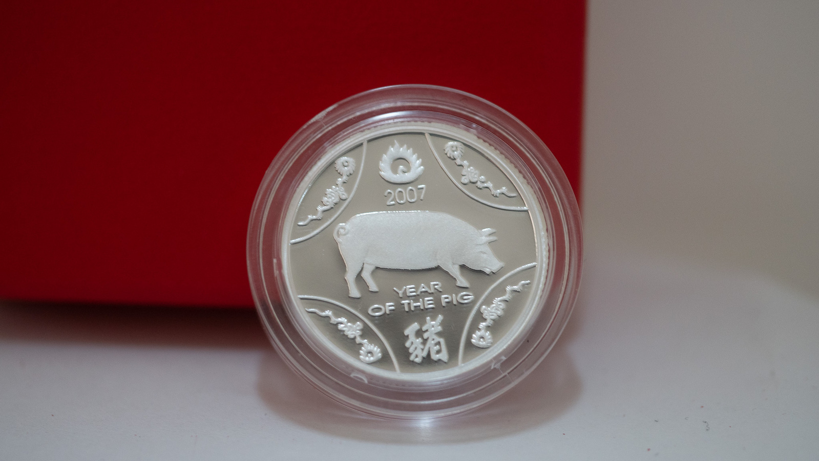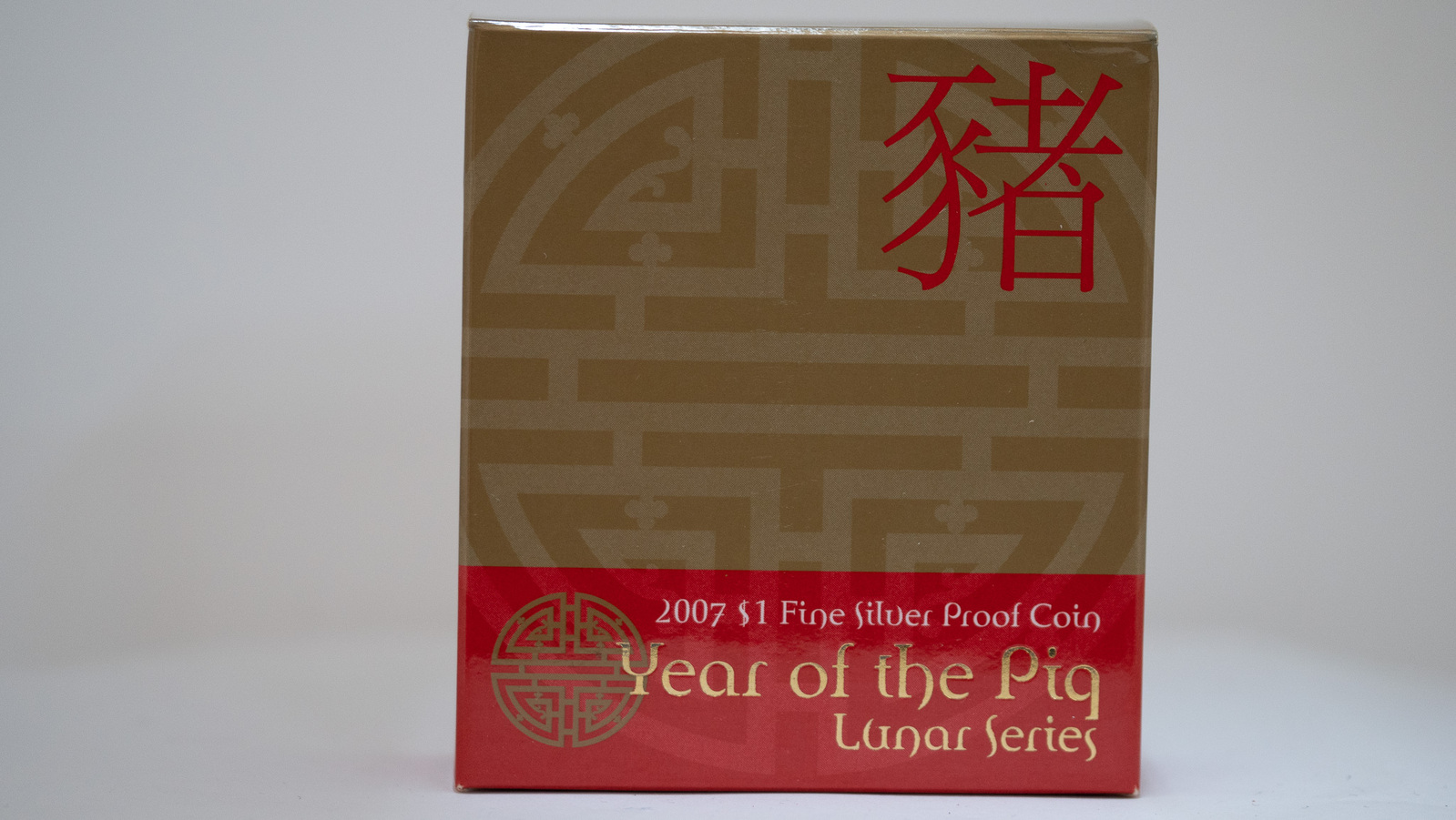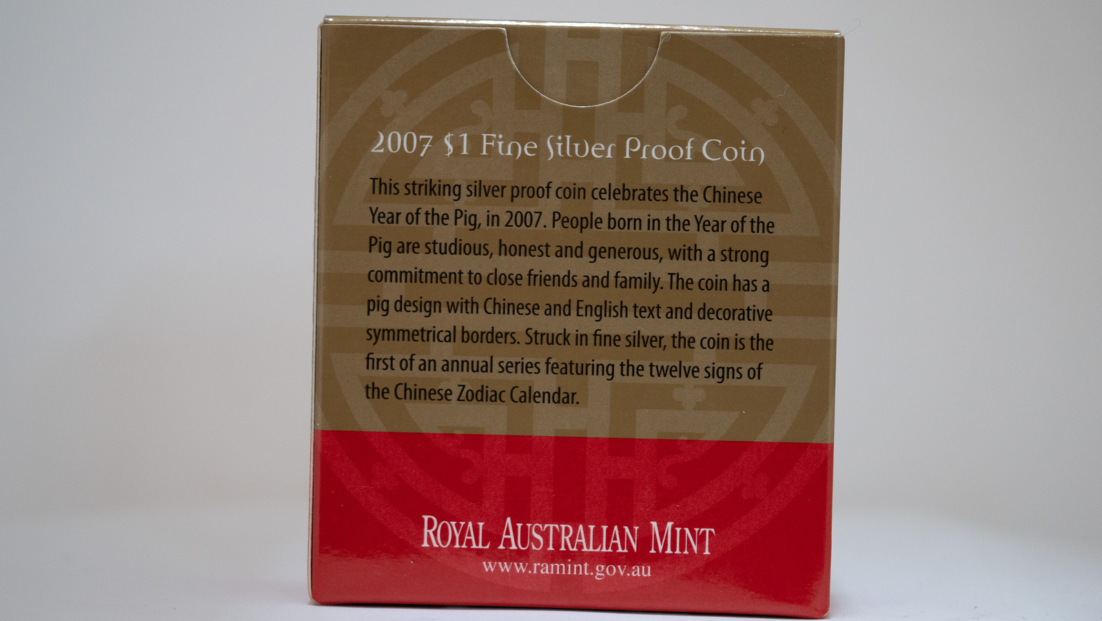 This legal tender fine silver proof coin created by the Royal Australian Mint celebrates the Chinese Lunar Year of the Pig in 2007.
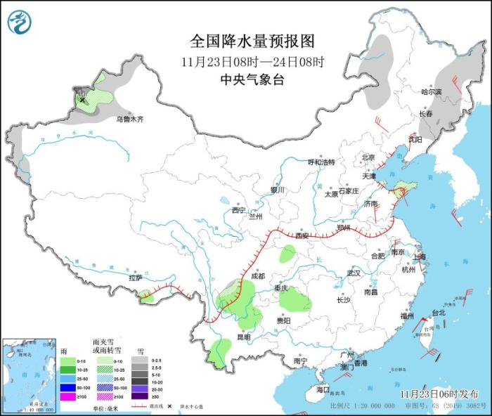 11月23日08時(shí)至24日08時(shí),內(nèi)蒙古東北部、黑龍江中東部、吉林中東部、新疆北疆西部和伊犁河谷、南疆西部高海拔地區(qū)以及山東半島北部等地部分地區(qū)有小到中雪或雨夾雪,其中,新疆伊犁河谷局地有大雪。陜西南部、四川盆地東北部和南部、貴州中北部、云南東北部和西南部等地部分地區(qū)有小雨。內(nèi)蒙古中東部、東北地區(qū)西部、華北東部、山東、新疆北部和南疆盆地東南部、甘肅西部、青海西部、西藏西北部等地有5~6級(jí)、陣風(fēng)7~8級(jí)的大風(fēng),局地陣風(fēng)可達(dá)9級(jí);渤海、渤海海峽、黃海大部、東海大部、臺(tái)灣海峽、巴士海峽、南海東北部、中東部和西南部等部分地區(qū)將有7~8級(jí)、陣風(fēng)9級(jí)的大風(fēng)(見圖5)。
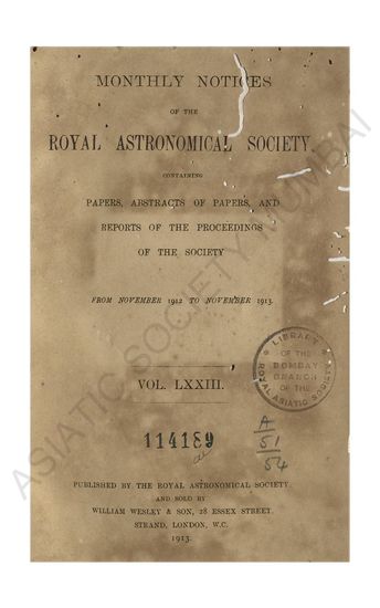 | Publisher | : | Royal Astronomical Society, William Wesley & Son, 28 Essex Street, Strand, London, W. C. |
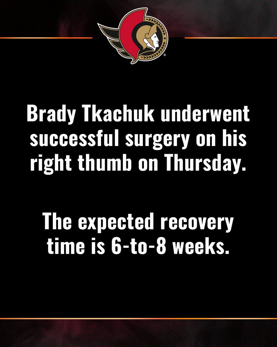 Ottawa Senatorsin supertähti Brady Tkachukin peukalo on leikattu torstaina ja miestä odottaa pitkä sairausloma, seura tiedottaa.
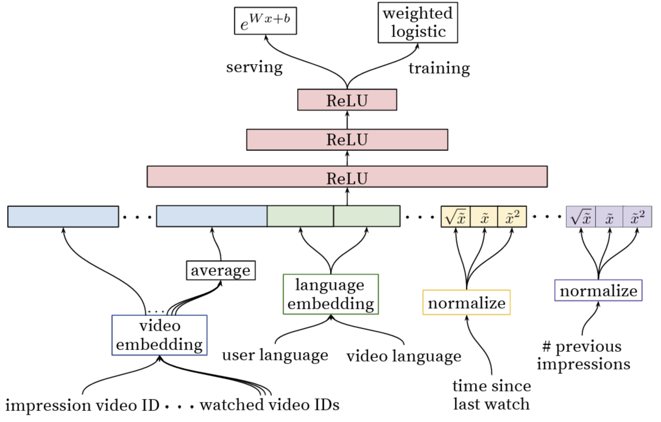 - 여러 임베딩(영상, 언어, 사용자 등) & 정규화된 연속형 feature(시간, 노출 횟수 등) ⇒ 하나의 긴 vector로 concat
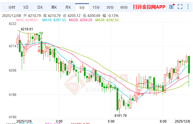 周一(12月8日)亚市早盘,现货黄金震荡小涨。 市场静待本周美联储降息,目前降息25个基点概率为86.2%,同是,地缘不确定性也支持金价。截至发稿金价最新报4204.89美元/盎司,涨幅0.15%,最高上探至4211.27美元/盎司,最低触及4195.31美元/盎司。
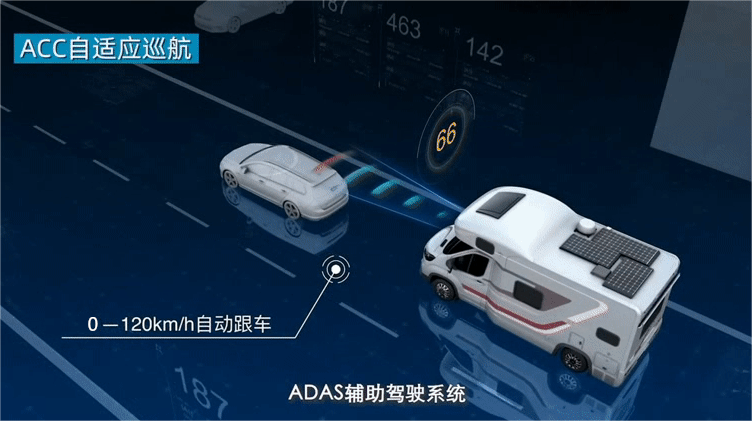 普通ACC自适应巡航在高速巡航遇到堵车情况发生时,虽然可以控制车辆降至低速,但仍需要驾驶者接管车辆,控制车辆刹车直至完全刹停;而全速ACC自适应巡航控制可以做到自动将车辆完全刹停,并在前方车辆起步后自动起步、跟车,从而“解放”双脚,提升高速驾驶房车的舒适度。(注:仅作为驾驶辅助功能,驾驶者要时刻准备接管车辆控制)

THE TASK: Your task is to retype exactly, and only, the lines from the one that holds "11月23日08時(shí)" through the end of the listing, both end lines included, without any pictures.

RESULT FOR THIS TASK:
 11月23日08時(shí)至24日08時(shí),內(nèi)蒙古東北部、黑龍江中東部、吉林中東部、新疆北疆西部和伊犁河谷、南疆西部高海拔地區(qū)以及山東半島北部等地部分地區(qū)有小到中雪或雨夾雪,其中,新疆伊犁河谷局地有大雪。陜西南部、四川盆地東北部和南部、貴州中北部、云南東北部和西南部等地部分地區(qū)有小雨。內(nèi)蒙古中東部、東北地區(qū)西部、華北東部、山東、新疆北部和南疆盆地東南部、甘肅西部、青海西部、西藏西北部等地有5~6級(jí)、陣風(fēng)7~8級(jí)的大風(fēng),局地陣風(fēng)可達(dá)9級(jí);渤海、渤海海峽、黃海大部、東海大部、臺(tái)灣海峽、巴士海峽、南海東北部、中東部和西南部等部分地區(qū)將有7~8級(jí)、陣風(fēng)9級(jí)的大風(fēng)(見圖5)。
 | Publisher | : | Royal Astronomical Society, William Wesley & Son, 28 Essex Street, Strand, London, W. C. |
 Ottawa Senatorsin supertähti Brady Tkachukin peukalo on leikattu torstaina ja miestä odottaa pitkä sairausloma, seura tiedottaa.
 - 여러 임베딩(영상, 언어, 사용자 등) & 정규화된 연속형 feature(시간, 노출 횟수 등) ⇒ 하나의 긴 vector로 concat
 周一(12月8日)亚市早盘,现货黄金震荡小涨。 市场静待本周美联储降息,目前降息25个基点概率为86.2%,同是,地缘不确定性也支持金价。截至发稿金价最新报4204.89美元/盎司,涨幅0.15%,最高上探至4211.27美元/盎司,最低触及4195.31美元/盎司。
 普通ACC自适应巡航在高速巡航遇到堵车情况发生时,虽然可以控制车辆降至低速,但仍需要驾驶者接管车辆,控制车辆刹车直至完全刹停;而全速ACC自适应巡航控制可以做到自动将车辆完全刹停,并在前方车辆起步后自动起步、跟车,从而“解放”双脚,提升高速驾驶房车的舒适度。(注:仅作为驾驶辅助功能,驾驶者要时刻准备接管车辆控制)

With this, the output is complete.